The gRPC stream is a great feature when more interactive approach is needed allowing the user to read the response as they are getting generated.

This demo presents the use case with tiny-llama-1b-chat model but the included python scripts are prepared for several other LLM models. Those are tiny-llama-1b-chat,red-pajama-3b-chat, llama-2-chat-7b, mistral-7b, zephyr-7b-beta, neural-chat-7b-v3-1, notus-7b-v1 and youri-7b-chat. In this demo the model can be set by:

export SELECTED_MODEL=tiny-llama-1b-chat

Requirements¶

A Linux host with Docker engine installed and sufficient available RAM to load the model and optionally equipped with an Intel GPU card. This demo was tested on a host with Intel® Xeon® Gold 6430 and an Intel® Data Center GPU Flex 170. Running the demo with smaller models like tiny-llama-1b-chat requires approximately 4GB of available RAM.

Build image¶

Building the image with all required python dependencies is required. Follow the commands:

git clone https://github.com/openvinotoolkit/model_server.git
cd model_server
make python_image GPU=1 RUN_TESTS=0

It will create an image called openvino/model_server:py

Download model¶

Download the model using download_model.py script:

cd demos/python_demos/llm_text_generation
pip install -r requirements.txt

python download_model.py --help
INFO:nncf:NNCF initialized successfully. Supported frameworks detected: torch, onnx, openvino
usage: download_model.py [-h] --model {tiny-llama-1b-chat,red-pajama-3b-chat,llama-2-chat-7b,mistral-7b,zephyr-7b-beta,neural-chat-7b-v3-1,notus-7b-v1,youri-7b-chat}

Script to download LLM model based on https://github.com/openvinotoolkit/openvino_notebooks/blob/main/notebooks/254-llm-chatbot

optional arguments:
  -h, --help            show this help message and exit
  --model {tiny-llama-1b-chat,red-pajama-3b-chat,llama-2-chat-7b,mistral-7b,zephyr-7b-beta,neural-chat-7b-v3-1,notus-7b-v1,youri-7b-chat}
                        Select the LLM model out of supported list

python download_model.py --model ${SELECTED_MODEL}

The model will appear in ./tiny-llama-1b-chat directory.

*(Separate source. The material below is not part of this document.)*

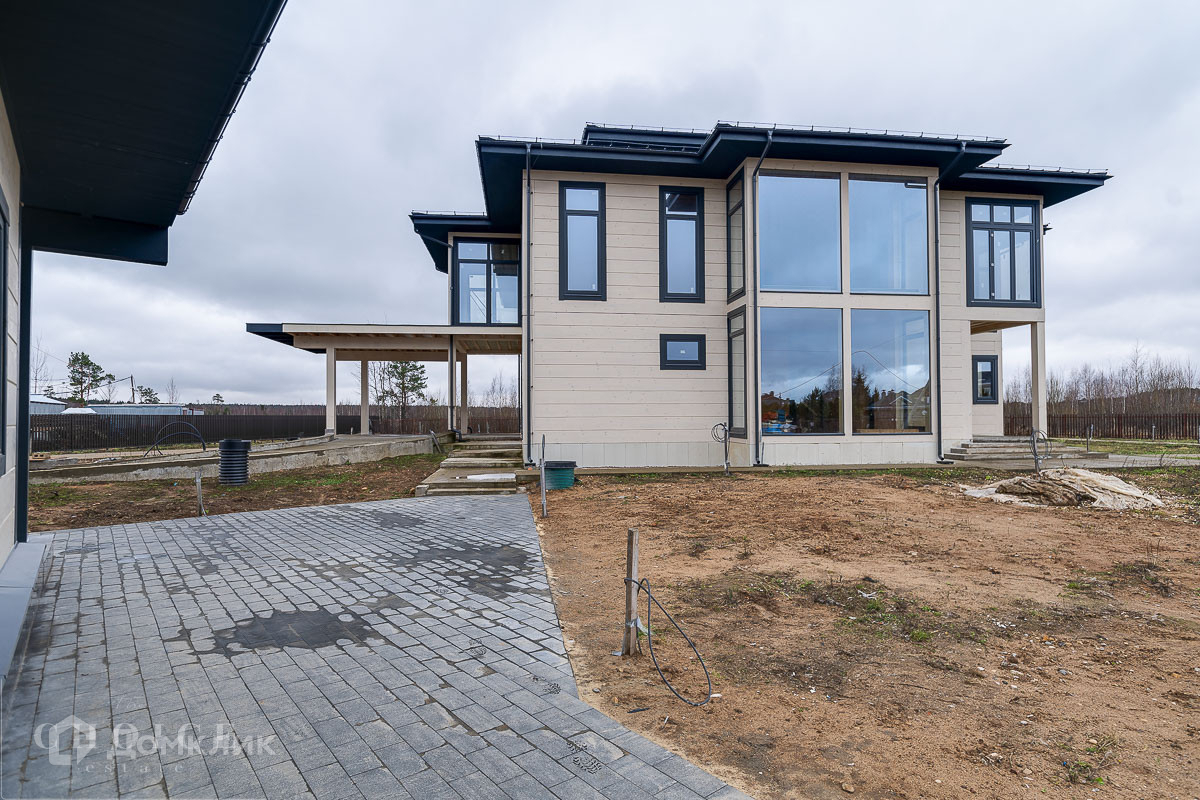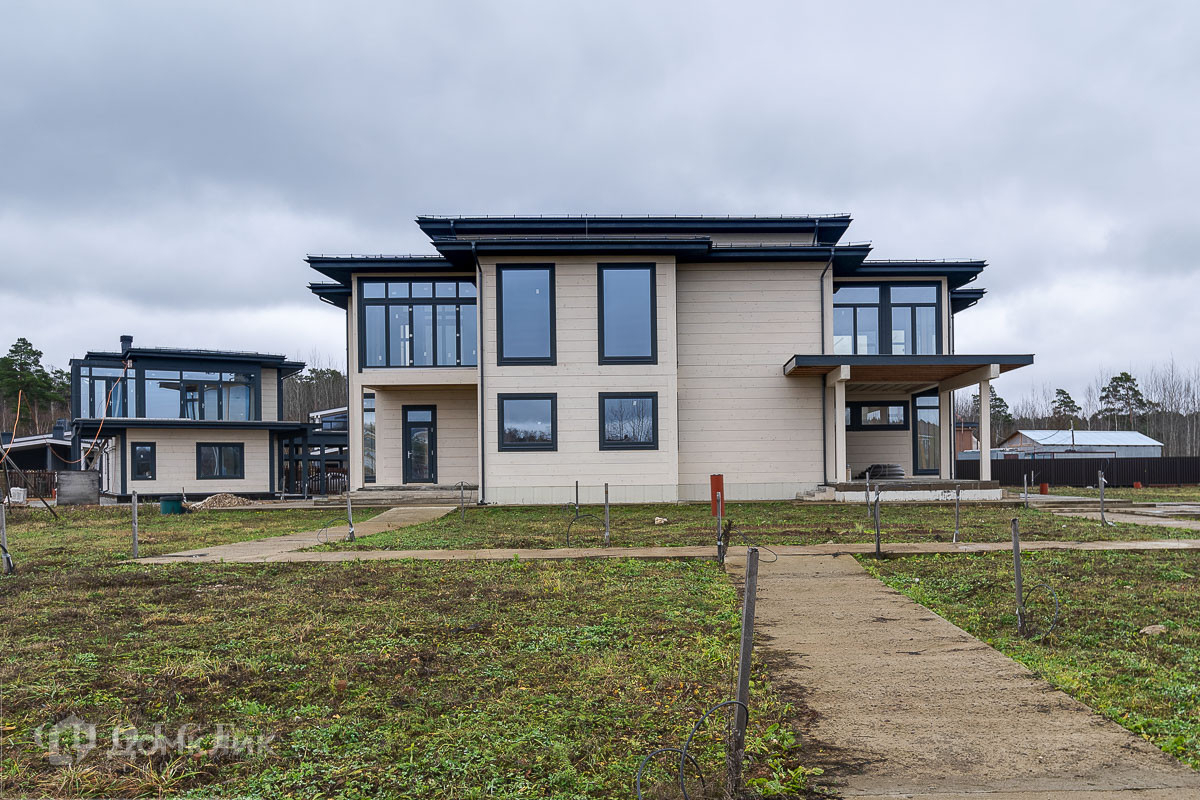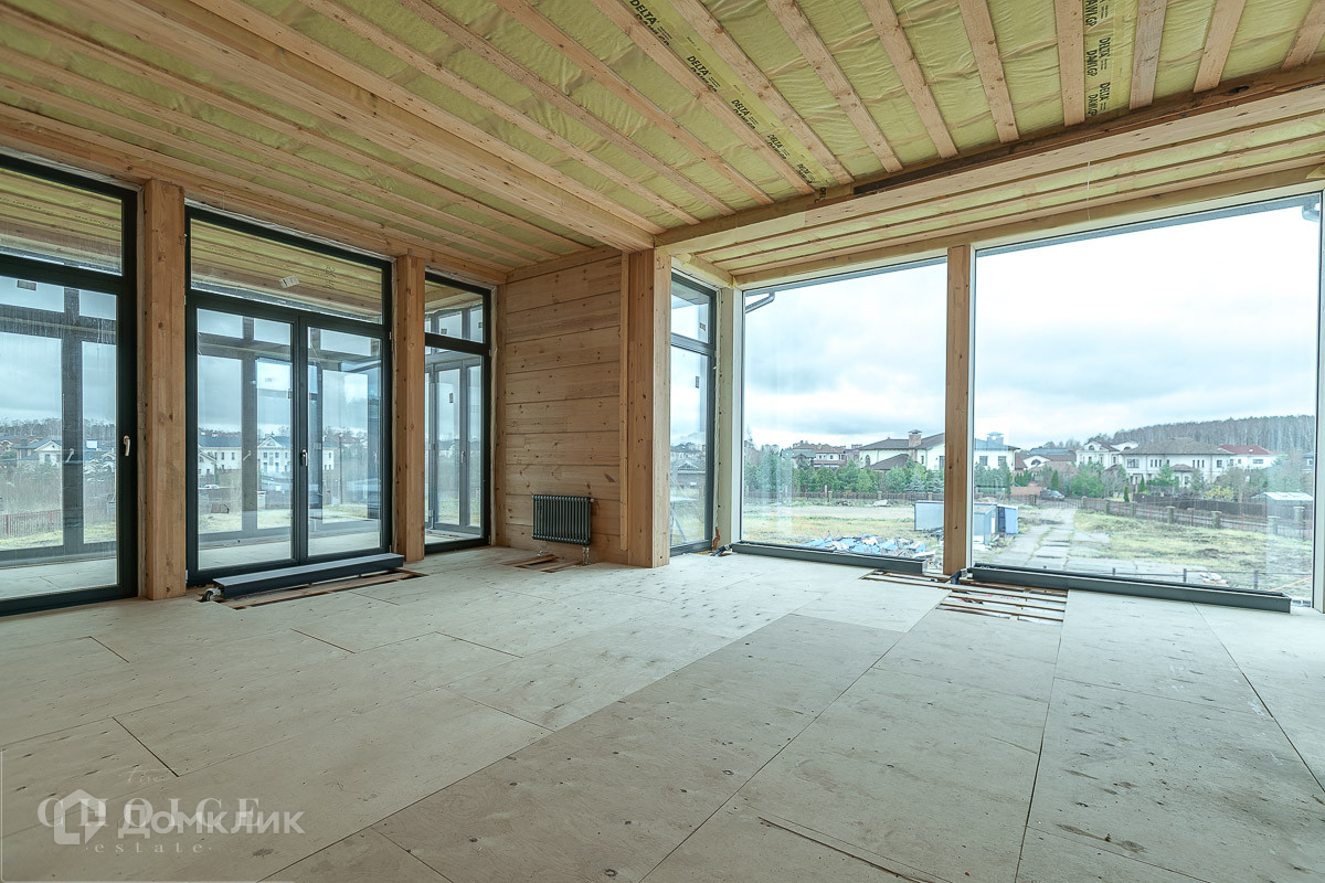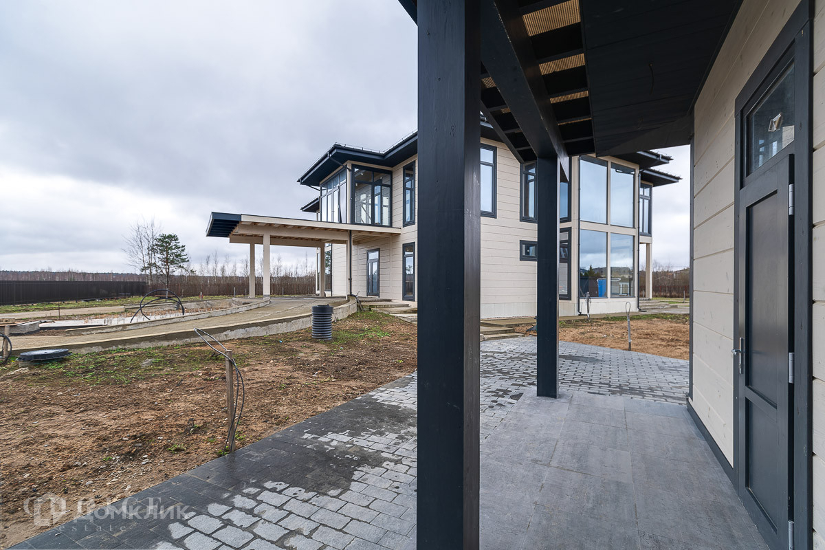 Загородный коттедж площадью 654,5кв.м  расположен на просторном полевом участке 40 соток. Фасад дома с большой площадью остекления, построенный по технологии Post and Beam, выполнен из клеёного бруса. В резиденции без отделки можно реализовать индивидуальный дизайн-проект. В коттедже спланировали 3 спальни, гостиную со вторым светом, кухню-столовую и сауну с комнатой отдыха. На территории построен гостевой дом с гаражом на 2 машины и навесом площадью 450 м², в котором предусмотрены 2 спальни, террасы, кухня-столовая, спортзал, комната отдыха для водителя с санузлом, холодная кладовая. На участке можно выполнить ландшафтный дизайн и обустроить беседку с зоной барбекю.

Weight Compression - optional¶

Weight Compression may be applied on the original model. Applying 8-bit or 4-bit weight compression reduces the model size and memory requirements while speeding up execution by running calculations on lower precision layers.

python compress_model.py --help
INFO:nncf:NNCF initialized successfully. Supported frameworks detected: torch, onnx, openvino
usage: compress_model.py [-h] --model {tiny-llama-1b-chat,red-pajama-3b-chat,llama-2-chat-7b,mistral-7b,zephyr-7b-beta,neural-chat-7b-v3-1,notus-7b-v1,youri-7b-chat}

Script to compress LLM model based on https://github.com/openvinotoolkit/openvino_notebooks/blob/main/notebooks/254-llm-chatbot

optional arguments:
  -h, --help            show this help message and exit
  --model {tiny-llama-1b-chat,red-pajama-3b-chat,llama-2-chat-7b,mistral-7b,zephyr-7b-beta,neural-chat-7b-v3-1,notus-7b-v1,youri-7b-chat}
                        Select the LLM model out of supported list

python compress_model.py --model ${SELECTED_MODEL}

Running this script will create new directories with compressed versions of the model with FP16, INT8 and INT4 precisions. The compressed models can be used in place of the original as they have compatible inputs and outputs.

ls  -1 | grep tiny-llama-1b-chat
tiny-llama-1b-chat
tiny-llama-1b-chat_FP16
tiny-llama-1b-chat_INT4_compressed_weights
tiny-llama-1b-chat_INT8_compressed_weights

NOTE Applying quantization to model weights may impact the model accuracy. Please test and verify that the results are of acceptable quality for your use case.

NOTE On target devices that natively support FP16 precision (i.e. GPU), OpenVINO automatically adjusts the precision from FP32 to FP16. This improves the performance and typically does not impact accuracy. Original precision can be enforced with ov_config key: {"INFERENCE_PRECISION_HINT": "f32"}.

Use LLM with unary calls¶

Deploy OpenVINO Model Server with Python Calculator¶

Mount the ./model directory with the model.
Mount the ./servable_unary or ./servable_stream which contains:

model.py and config.py - python scripts which are required for execution and use Hugging Face utilities with optimum-intel acceleration.
config.json - which defines which servables should be loaded
graph.pbtxt - which defines MediaPipe graph containing python calculator

Depending on the use case, ./servable_unary and ./servable_stream showcase different approach:

unary - single request - single response, useful when the request does not take too long and there are no intermediate results
stream - single request - multiple responses which are delivered as soon as new intermediate result is available

To test unary example:

docker run -d --rm -p 9000:9000 -v ${PWD}/servable_unary:/workspace -v ${PWD}/${SELECTED_MODEL}:/model \
-e SELECTED_MODEL=${SELECTED_MODEL} openvino/model_server:py --config_path /workspace/config.json --port 9000

You can also deploy the compressed model by just changing the model path mounted to the container. For example, to deploy the 8-bit weight compressed model:

docker run -d --rm -p 9000:9000 -v ${PWD}/servable_unary:/workspace -v ${PWD}/${SELECTED_MODEL}_INT8_compressed_weights:/model \
-e SELECTED_MODEL=${SELECTED_MODEL} openvino/model_server:py  --config_path /workspace/config.json --port 9000

NOTE Check the Docker container logs to confirm that the model is loaded before sending requests from a client. Depending on the model and hardware it might take a few seconds or several minutes.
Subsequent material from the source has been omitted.